WHEREAS the UNFCCC has established a NON-STATE ACTOR ZONE for Climate Action, which provides a process that states, municipalities and other entities can use as "a platform for the exchange of experiences and sharing of best practices on mitigation and adaptation in a holistic and integrated manner";

WHEREAS as of April 2017, at least 2,508 cities, towns, and communities worldwide have registered their support for the Paris Agreement on the Non-State Zone platform.
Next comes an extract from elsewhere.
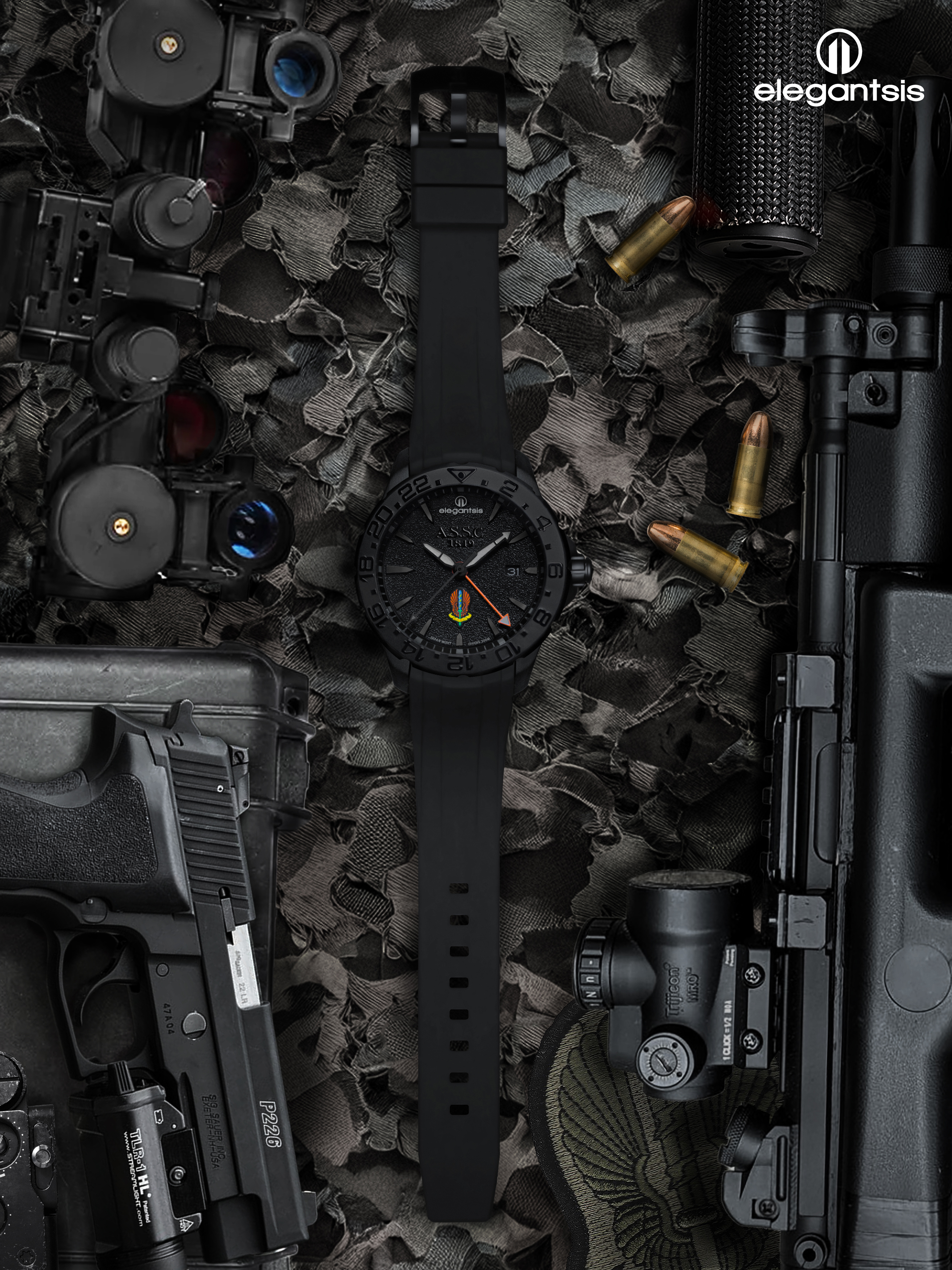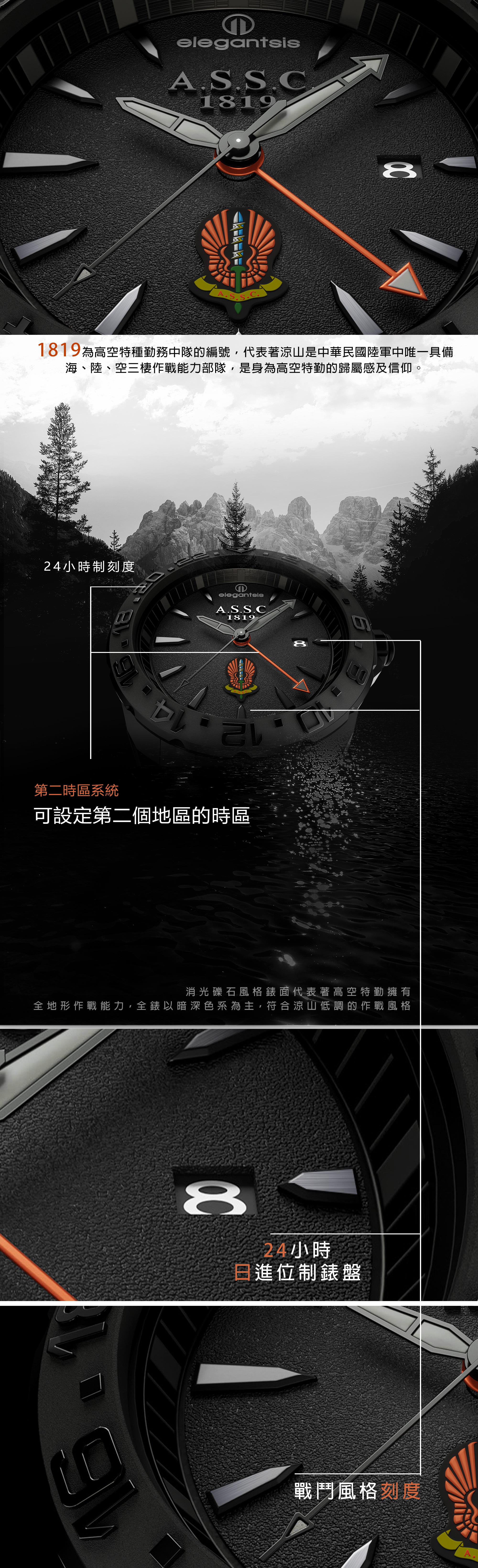 萬年鐘錶 - elegantsis 愛樂時 高空特種勤務中隊-GMT自動機械男錶 ELJO65AS-ASSC-NB01MA 錶徑44MM

This includes American cities as diverse as Anchorage, Baltimore, Berkeley, Cleveland, Dallas, Las Vegas, Pittsburgh, Sacramento and Savannah; and locally Boston, Cambridge, Medford and Somerville;

WHEREAS each country signing the Paris Climate Agreement (UNFCCC) sets its own aspirational climate goals, which encourages each Non-State Actor to do the same, to be evaluated every 5 years; The Town of Brookline should set its own aspirational climate action goals for recurring evaluation;

WHEREAS, as a town of diverse and well-educated and informed citizens, Brookline is able to play a leading role relative to other cities and towns within Massachusetts and the U.S. in both mitigating and adapting to climate change;

WHEREAS the Paris Agreement requires that all parties should pursue efforts to help keep the global increase in average temperature due to human-caused climate change to no more than 2.0 degrees Celsius (3.6 degrees Fahrenheit) above pre-industrial levels, and to 1.5 degrees Celsius if possible;

BE IT RESOLVED THAT the Town of Brookline:

1. Understands it to be a moral and political obligation of the Town to commit to pursue upholding and adhering to the Paris Agreement of 2015.

2. Commits to register its support for implementing the Paris Agreement on the NonState Zone platform, as other U.S. cities and towns have done.

3. Commits to file its existing 2012 Climate Action Plan as amended in 2015, which was intended to meet the objectives of the Massachusetts Global Warming Solutions
Act of 2008, on the Non-State Platform, as other U.S cities and towns have done.

4. Commits to a goal of developing a revised town plan during 2018 to mitigate and adapt to human-caused climate change that may take a leading role above and beyond
those plans of the State of Massachusetts and the "nationally determined contribution" of the U.S. government, in order to help insure that those state and
federal plans are achieved faster and more thoroughly due to Brookline's actions.

5. Continue educating the citizens of Brookline about the dangers that climate change pose in both the short and long run to the world, in general, and to Massachusetts in particular. This enhanced education will, presumably, facilitate and accelerate both the voluntary and mandatory actions that the citizens of Brookline will take to help slow the rate of climate change.